In many ways, 2015 has been an immense year of anticipation for the film industry. There was a return to Jurassic World, and chases through Mad Max’s apocalyptic backyard. There was the traditional lead-up buzz to yet another Bond, and right now cinemas are mopping up the drool from the aisles as the movie-going community shamelessly salivates over Star Wars’ first forward step in three decades.
The highly anticipated reappearance of Charlie Kaufman, albeit on an altogether smaller scale, presents another example. He returns after a leave of absence spanning back to 2008 when the polarising Synecdoche New York baffled and fascinated pundits.
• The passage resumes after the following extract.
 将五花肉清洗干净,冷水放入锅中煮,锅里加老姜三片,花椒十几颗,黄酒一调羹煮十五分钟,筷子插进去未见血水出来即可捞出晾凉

This is his Kickstarter-funded Anomalisa: a stop-motion animated journey to the Hotel Fregoli in Cincinatti, and a darker than usual (for Kaufman) exploration of modern-day relationships and communications.
Michael Stone (voiced by David Thewlis) is a successful customer relations guru, but he is also a man in the midst of an existential crisis. He arrives at his hotel away in Cincinnati to deliver a speech to a gaggle of fans, but in the meantime finds himself lamenting the mundanity of his life and his alienation from the very people he should be closest to. Feeding into his dissatisfaction is the fact that everyone – the taxi driver, the concierge, even his wife and son – speaks to him with the same voice. It is only when he chances upon Lisa (voiced by Jennifer Jason Leigh) that he sees a ray of hope that he can escape. Though, from what exactly, he’s not sure.
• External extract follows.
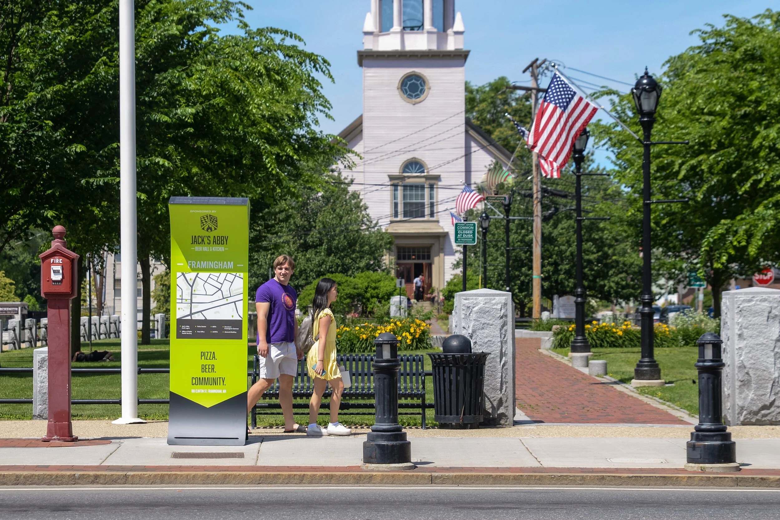 Soofa Signs have arrived in Framingham, MA. Just 45 minutes west of Boston, downtown Framingham is home to a collection of restaurants, shops, and the popular brewery Jack’s Abby.

Some may presume this kind of animation to be a gimmick to make up for what, on face value, appears quite an uneventful plot. However, the use of dolls here in place of actors plays a central part in our reactions to what is a poignant, occasionally amusing, but memorably unsettling short story.
Bringing back memories of the puppetry themes spawned in Being John Malkovich, you could even say that Anomalisa attempts (and largely succeeds) to fulfil the dramatic potential of puppetry that (fictional) John Malkovich foresaw back in 1999. The approach closes off some narrative possibilities, but it also opens others.
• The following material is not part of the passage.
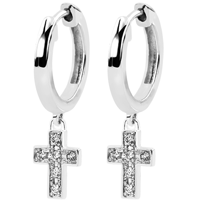 Cercei creole din aur alb cu prelungiri cruce încrustate cu diamante. O imagine pioasă regândită într-un stil contemporan, un pic "rock".

With a startling design effort courtesy of Starburns Industries, which is co-founded by Anomalisa’s co-director Duke Johnson, we are presented with figures who are eerily lifelike in their texture, skin tones and gestures. However, the realistic nature of these creations is subverted by a craftsman’s incision across the face at the level of the nose’s bridge; this feature has the disconcerting effect of allowing the faces to be more naturally expressive, while on the other hand drawing our attention to their artificiality. This mix of authenticity and artifice makes what ensues between Lisa and Michael equally creepy and affecting. Two words: puppet sex.
Having participated in the original radio play version aired in 2005, the three voices of David Thewlis, Jennifer Jason Leigh and Tom Noonan have reprised their roles in what sits as one of Kauffman’s more compact pieces of cinema. At the heart of this story is a damaged soul and the connections and barriers we erect between ourselves and others, consciously or otherwise. Some might recognise the name of the hotel as being typically Kaufman-esque, referring to the rare Fregoli syndrome, from which Michael suffers here: it is a condition whereby someone believes that everyone but them is the same person. For this role, Tom Noonan’s typically unremarkable customer service voice is fitting, simply because it is so unremarkable.
Anomalisa has the wit and lightness of touch that makes a film a Kaufman film. It has that tripping philosophical bent; a dose of mental acrobatics for the audience; an ability to switch seamlessly from poignancy to hilarity, such as during Lisa’s rendition of ‘Girls Just Wanna Have Fun’; and an isolated central character contemplating his role at the middle of it all.
Watching Kaufman’s work has always been an exercise in anticipation. While he has his recurring themes, how they materialise will always remain a mystery until they’ve happened. And it’s why we should be excited when filmmakers like him make their contribution.
Anomalisa is in cinemas from 4th February through Paramount Pictures.